Reader Question of the WeekEvery Monday I like to post a reader question and take a stab at answering it. This week’s has to do with a husband and wife working together: can you run a business with your husband without getting into conflict?

A reader writes:

I am a stay at home mom and my husband works from home as well. We run a small business, I handle the admin and he is the artist. We had a big adjustment when our baby arrived and my husband did not do well on lack of sleep. It resulted in us being very late on all of our client orders. This stresses me out to no end, while my husband doesn’t seem all that bothered by it. I can’t stand it when he takes naps or sleeps in during the day when he should be working. I am up all night with the baby so he can sleep, and he still does this. We are far behind and our clients are starting to complain. As the manager in our business, it is extremely hard not to become a nag to him, or see him as one big long to-do list. How do I separate my husband as ‘husband’ from an ’employee’ who is, quite frankly, slacking off. He has also become quite addicted to a game on his phone (he admits this, but hasn’t stopped it). I try and keep busy out of the house during the day, but when things keep not getting done, it’s causing some serious problems in our relationship. Even if we try and do something as a family, I still can’t seem to quiet the feeling that he really should be spending the time getting caught up on our clients so that we can breathe. What do I do?
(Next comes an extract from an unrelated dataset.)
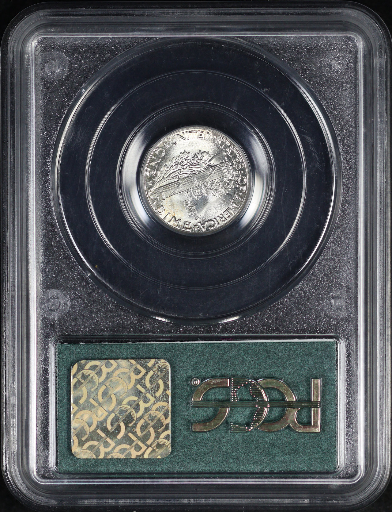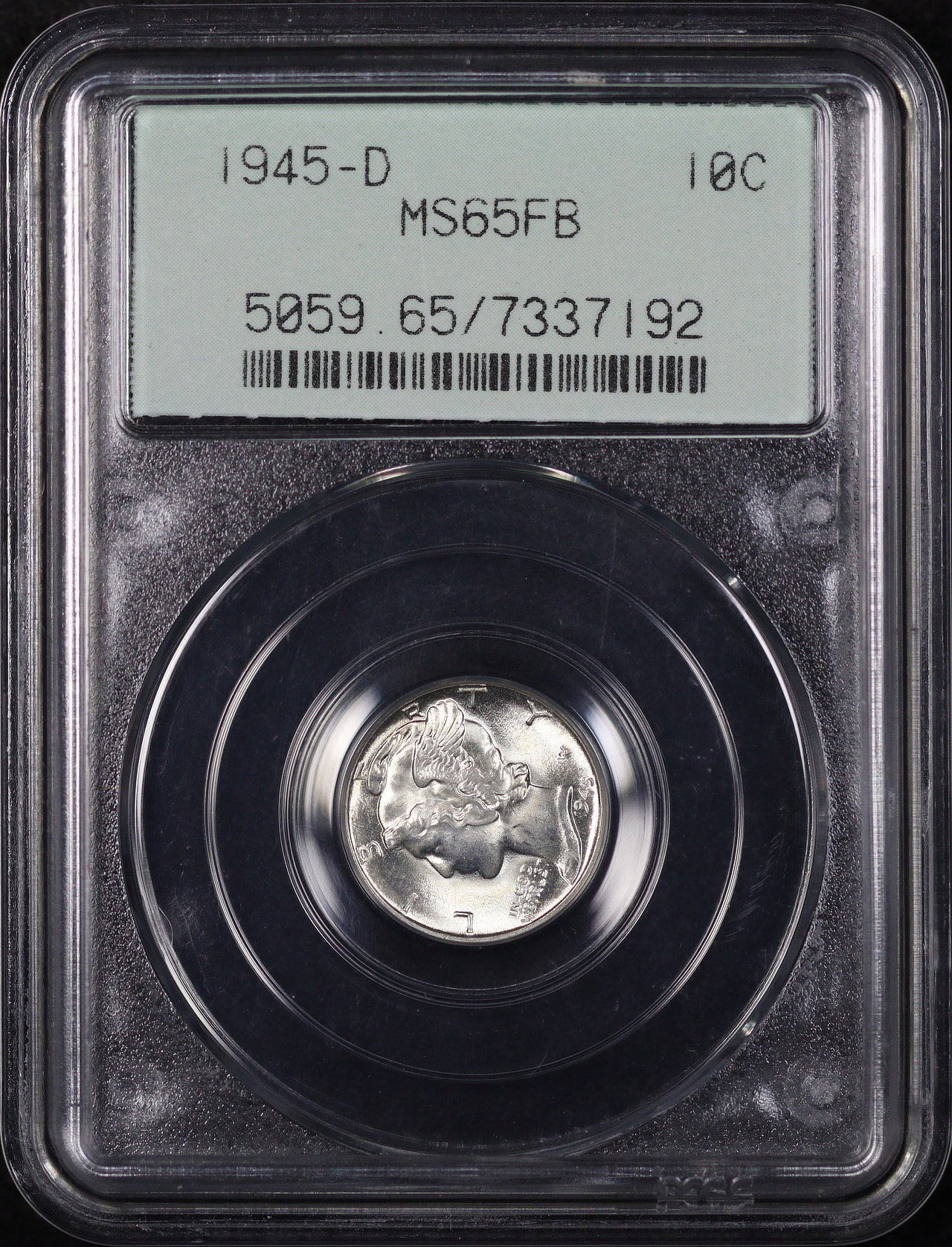 1945-D Mercury Dime PCGS MS-65 FB Old Green Gasket Holder designed by Adolph Alexander Weinman. There is some very faint orange/crimson hue toning on the reverse.

I can’t tell this particular woman what to do because I don’t know her financial situation, their education or skill levels, how easy it will be to get other jobs, etc. But I would like to just mention a few big things about a husband and wife working together, and give us a way to think about the BUSINESS side of how to work with your spouse–or whether we should be running a business together in the first place. (Tomorrow we’ll look at the marriage side!)

The hardest part of marriage is communication. And the hardest part of getting along well at work is communication. Put the two together–and it’s really tough! So it’s just essential to put things in place so that these conversations are automatic, natural, and expected. Then business problems are far less likely to derail your marriage. Here’s how:

Running a Business with Your Husband: When husband and wife working together doesn't work for the marriage--and putting steps in place so that it might again!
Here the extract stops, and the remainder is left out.